A Local Authority v KAB and Others

JurisdictionEngland & Wales
Judgment Date2010
Date2010
Year2010
CourtCourt of Appeal (Civil Division)

Care proceedings – Interim care order – Threshold – Two older children of family running away from home due to allegedly violent incident – Parents denying allegations – Local authority issuing care proceedings – Recorder making interim care orders in relation to older children but not two younger children – Local authority appealing against refusal – Whether recorder failing to take emotional risks into account – Whether recorder erring in treatment of question of physical abuse – Whether sufficient reasons given for departing from recommendations of children’s guardian.

The parents lived with their two children and two older children fathered by the mother’s former partner. Social services had been involved with the family since the mid-1990s, the children having been taken into foster care for short periods by consent on three occasions. On 18 February 2010, the two older children ran away from home, alleging that the father had assaulted them. They were taken into police protection and placed with their maternal grandparents, where they informed a social worker that the parents had argued and that the father, who was allegedly intoxicated, had assaulted the mother. The parents denied the allegations and stated that the older children had run away because they had not been allowed to play outside with friends. All four children were subsequently placed into foster care. Although the parents initially gave their agreement for them to be accommodated under s 20 of the Children Act 1989, they withdrew their consent in March, which caused the local authority to issue care proceedings. The children’s guardian had very little time to investigate prior to the interim care hearing, having been appointed just three days earlier. She continued her inquiries after her initial report, which stated that the older children had confirmed their accounts. In oral evidence, she stated that one of the older children had subsequently denied that any violence had taken place on 18 February 2010. She recommended in her report and oral evidence that interim care orders be made in relation to all four children. The court also heard evidence from Mr H, a witness for the parents who supported their account of the incident. On 7 June, the recorder granted interim care orders in relation to the older children but refused to do so in relation to the younger children, concluding that their safety did not require immediate separation from the parents and that a source of difficulty would be removed if the older children remained in foster care. He commented that, had the guardian’s concerns been as serious as stated at the oral hearing, she would have said so in her initial report (but had failed to do so).

The local authority sought permission to appeal against the refusal, submitting, first, that the recorder had failed to take emotional risks into account. Secondly, it submitted that he had erred in his treatment of the question of physical abuse, having decided that events before 2000 (including an incident whereby the father accepted a caution for assaulting another of the mother’s children) were not relevant, and effectively having made a finding that the older children were telling lies. The authority thirdly contended that the judge had given insufficient reasons for departing from the guardian’s recommendations.

Held – (1) It was established that the concept of a child’s safety was not confined to his or her physical safety, but also included emotional safety or psychological welfare.

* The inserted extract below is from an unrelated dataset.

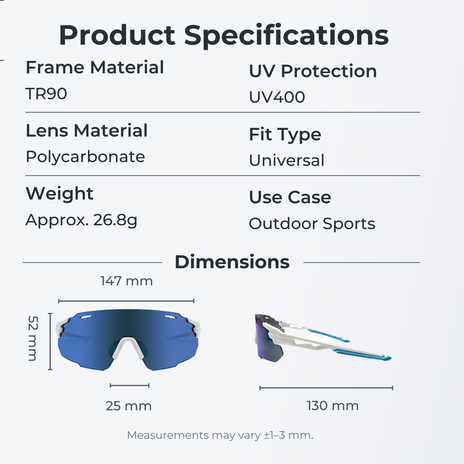 Lightweight, flexible, and built for speed — these TR90 sport sunglasses deliver a wide, unobstructed field of view and secure, pressure-free comfort for every outdoor workout. Featuring a shatter-resistant PC lens with UV400 protection, non-slip rubber temples, and an adjustable soft nosepad, they stay firmly in place through cycling, running, and high-intensity training. At just 26.8g, they feel weightless while providing vivid clarity and dependable wind resistance.

A complete reading of the judgment below showed that the recorder in the instant case had taken into account not only physical risk to the younger children but also emotional risk, and had been conscious that an interim care order could, in a proper case, be required to protect a child’s psychological safety or welfare. There were references throughout the judgment to aspects of harm and risk which were not associated with physical safety. The judge’s view had simply been that the emotional issues were not sufficient to require the separation of the two younger children from the parents by way of interim protection; that was a view that had been open to him, not least in light of the fact that the local authority had not intervened over such issues over many years and had only ultimately been provoked to take care proceedings by the physical risk considered to have been revealed by the events of 18 February 2010 (see [42]–[43], below).

(2) Surveying the judgment as a whole, it had not been established that the recorder had erred in his treatment of the question of physical abuse and risk. He had been wrong to decide that events before 2000 were not relevant; it was important for the court to have the full picture of the history. Any cut-off date was artificial and the cut-off date chosen in the instant case excluded an important feature of the case which was relevant to the issue of the father’s conduct towards the children and the credibility of the older children. However, the recorder’s approach to the pre-2000 material had to be seen in the context of the whole case; it was clear that the history had been taken into account. Furthermore, the recorder had been entitled to express doubts about the allegations of violence made by the older children. Significant factors had undermined their credibility and it had been necessary to give consideration to the evidence of Mr H, which supported the parents’ account (see [47]–[48], [54]–[55], below).

(3) The recorder should have acknowledged rather more than he had that, at the early stages of care proceedings and sometimes throughout the proceedings, a guardian was collecting information and impressions and that his or her opinion was likely to evolve. However, he had been entitled, in his effort to analyse what the real risks were in the case and what was demanded by way of interim protection, to subject the guardian’s evidence to scrutiny by examining how she put things in her written report as

opposed to in her oral evidence. The guardian had been influenced by the fact that the parents had consistently denied the truth of the allegations made against them and it was not wrong of the recorder to bear in mind, in this regard, that the allegations had not yet been established and might be unreliable. He was entitled also, from his evaluation of the guardian’s evidence as a whole, to conclude that she had set the requirements for interim removal of the children from their parents too low. In the circumstances, the recorder had spelled out sufficiently the reasons why he differed from the guardian (see [59]–[60], below).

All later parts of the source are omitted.